SIMD | Noise

Post Syndicated from Zak Cutner original https://blog.cloudflare.com/building-even-faster-interpreters-in-rust/

Building even faster interpreters in Rust

At Cloudflare, we’re constantly working on improving the performance of our edge — and that was exactly what my internship this summer entailed. I’m excited to share some improvements we’ve made to our popular Firewall Rules product over the past few months.

Firewall Rules lets customers filter the traffic hitting their site. It’s built using our engine, Wirefilter, which takes powerful boolean expressions written by customers and matches incoming requests against them. Customers can then choose how to respond to traffic which matches these rules. We will discuss some in-depth optimizations we have recently made to Wirefilter, so you may wish to get familiar with how it works if you haven’t already.

Minimizing CPU usage

As a new member of the Firewall team, I quickly learned that performance is important — even in our security products. We look for opportunities to make our customers’ Internet properties faster where it’s safe to do so, maximizing both security and performance.
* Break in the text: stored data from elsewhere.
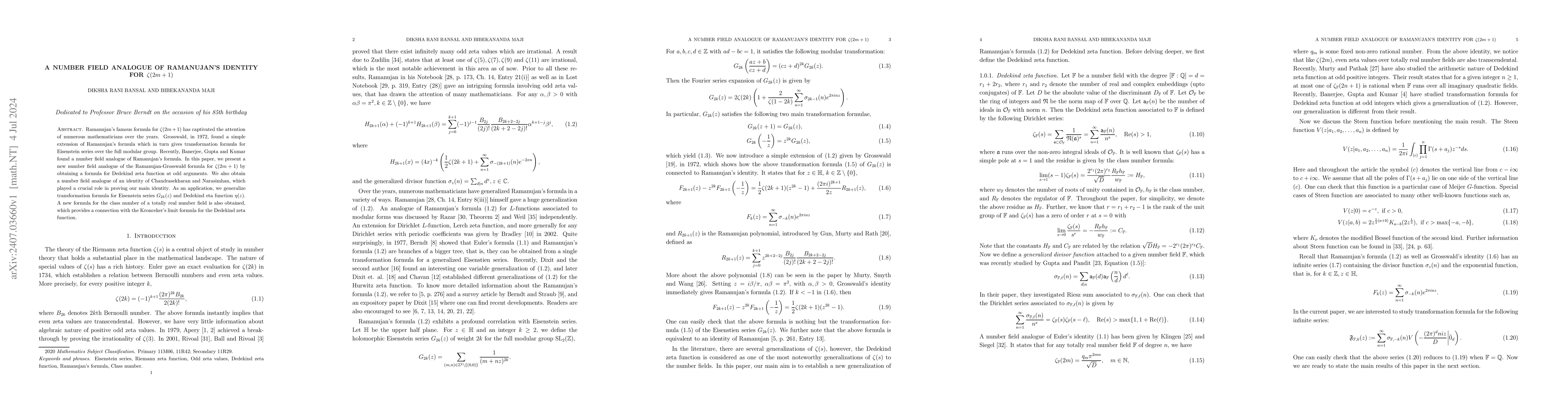 This paper introduces a number field analogue of Ramanujan's formula for $\zeta(2m+1)$, deriving a new expression for the Dedekind zeta function at odd arguments and generalizing the transformation formula for Eisenstein series and the Dedekind eta function. It also connects these results to a new formula for the class number of a totally real number field, linking to Kronecker's limit formula.
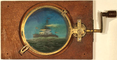 realistic illusion of the rolling sea when the crank is turned round. The slide
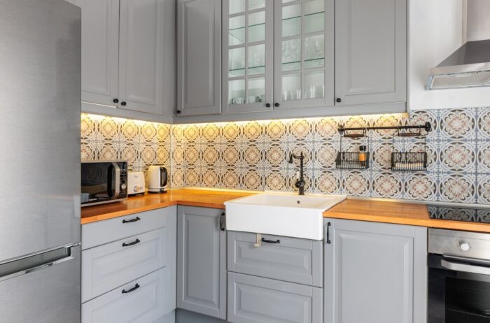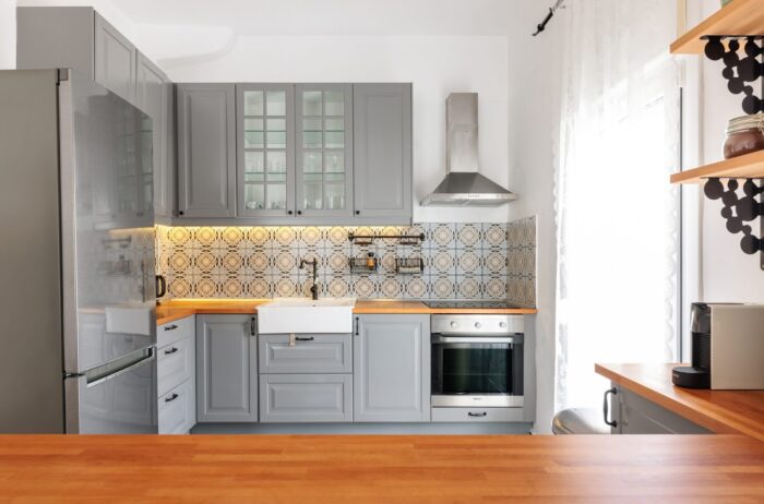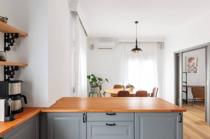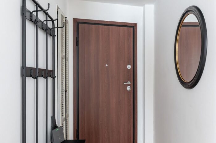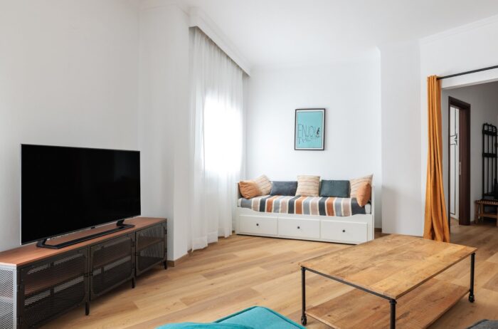 Entering this apartment, you will find a comfortable living room with a cozy sofa and high-tech flat screen TV for your entertainment needs. Additionally, the kitchen is fully equipped with all the necessary stuff.

Our engine is already heavily used, powering all of Firewall Rules. But we have bigger plans. More and more products like our Web Application Firewall (WAF) will be running behind our Wirefilter-based engine, and it will become responsible for eating up a sizable chunk of our total CPU usage before long.

How to measure performance?

Measuring performance is a notoriously tricky task, and as you can probably imagine trying to do this in a highly distributed environment (aka Cloudflare’s edge) does not help. We’ve been surprised in the past by optimizations that look good on paper, but, when tested out in production, just don’t seem to do much.
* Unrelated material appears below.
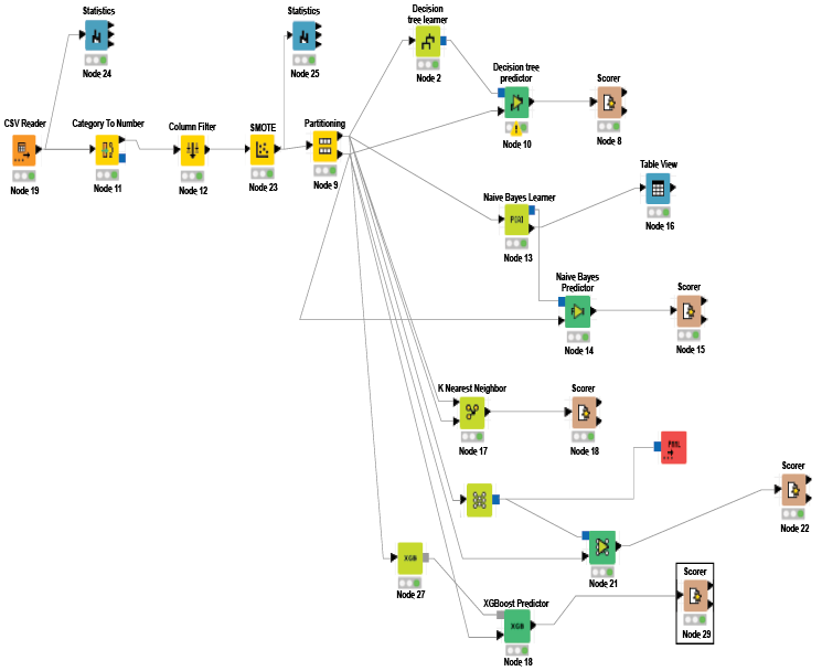 A partir del conjunto de datos definidos, se implementaron los modelos de decision tree, KNN, naive Bayes, ANN (RPROP) y XGBoost. Estos modelos fueron seleccionados con el objetivo de obtener el modelo predictivo de la mayor exactitud posible.
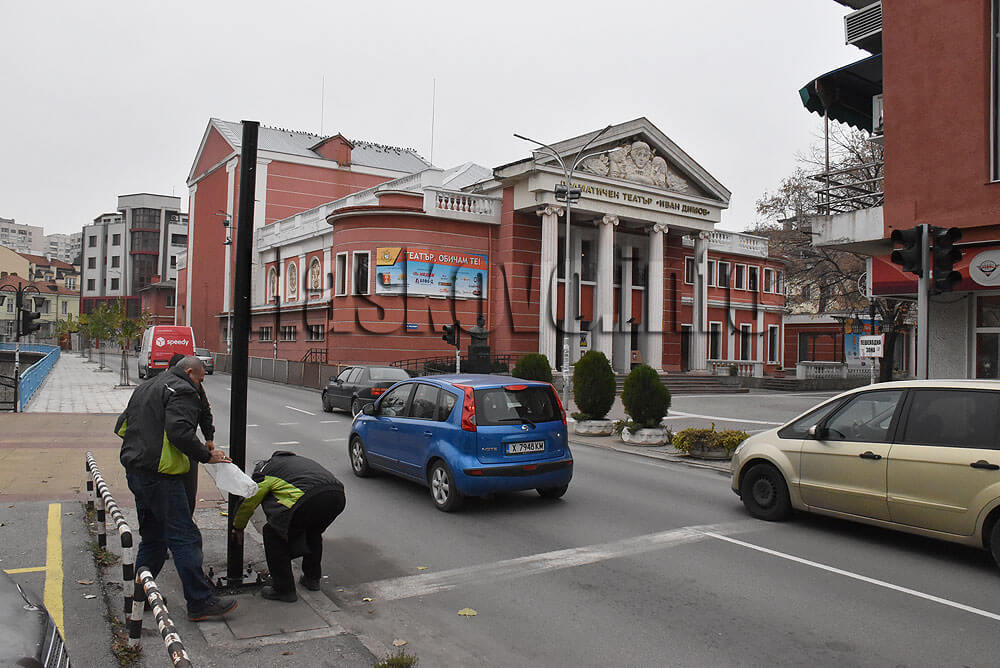 Поставиха стълб за временната секция на светофара до театъра, монтират я в събота

Our solution? Performance measurement as a service — an isolated and reproducible benchmark for our Firewall engine and a framework for engineers to easily request runs and view results. It’s worth noting that we took a lot of inspiration from the fantastic Rust Compiler benchmarks to build this.

What to measure?

Our next challenge was to find some meaningful performance metrics. Some experimentation quickly uncovered that time was far too volatile a measure for meaningful comparisons, so we turned to hardware counters [2]. It’s not hard to find tools to measure these (perf and VTune are two such examples), although they (mostly) don’t allow control over which parts of the program are recorded. In our case, we wished to individually record measurements for different stages of filter processing — parsing, compilation, analysis, and execution.

Once again we took inspiration from the Rust compiler, and its self-profiling options, using the perf_event_open API to record counters from inside our binary. We then output something like the following, which our framework can easily ingest and store for later visualization.

Whilst we mainly focussed on metrics relating to CPU usage, we also use a combination of getrusage and clear_refs to find the maximum resident set size (RSS). This is useful to understand the memory impact of particular algorithms in addition to CPU.

But the challenge was not over. Cloudflare’s standard CI agents use virtualization and sandboxing for security and convenience, but this makes accessing hardware counters virtually impossible. Running our benchmarks on a dedicated machine gave us access to these counters, and ensured more reproducible results.

Speeding up the speed test

Our benchmarks were designed from the outset to take an important place in our development process. For instance, we now perform a full benchmark run before releasing each new version to detect performance regressions.

But with our benchmarks in place, it quickly became clear that we had a problem. Our benchmarks simply weren’t fast enough — at least if we wanted to complete them in less than a few hours! The problem was we have a very large number of filters. Since our engine would never usually execute requests against this many filters at once it was proving incredibly costly. We came up with a few tricks to cut this down…

Deduplication. It turns out that only around a third of filters are structurally unique (something that is easy to check as Wirefilter can helpfully serialize to JSON). We managed to cut down a great deal of time by ignoring duplicate filters in our benchmarks.
Sampling. Still, we had too many filters and random sampling presented an easy solution. A more subtle challenge was to make sure that the random sample was always the same to maintain reproducibility.
Partitioning. We worried that deduplication and sampling would cause us to miss important cases that are useful to optimize. By first partitioning filters by Wirefilter language feature, we can ensure we’re getting a good range of filters. It also helpfully gives us more detail about where specifically the impact of a performance change is.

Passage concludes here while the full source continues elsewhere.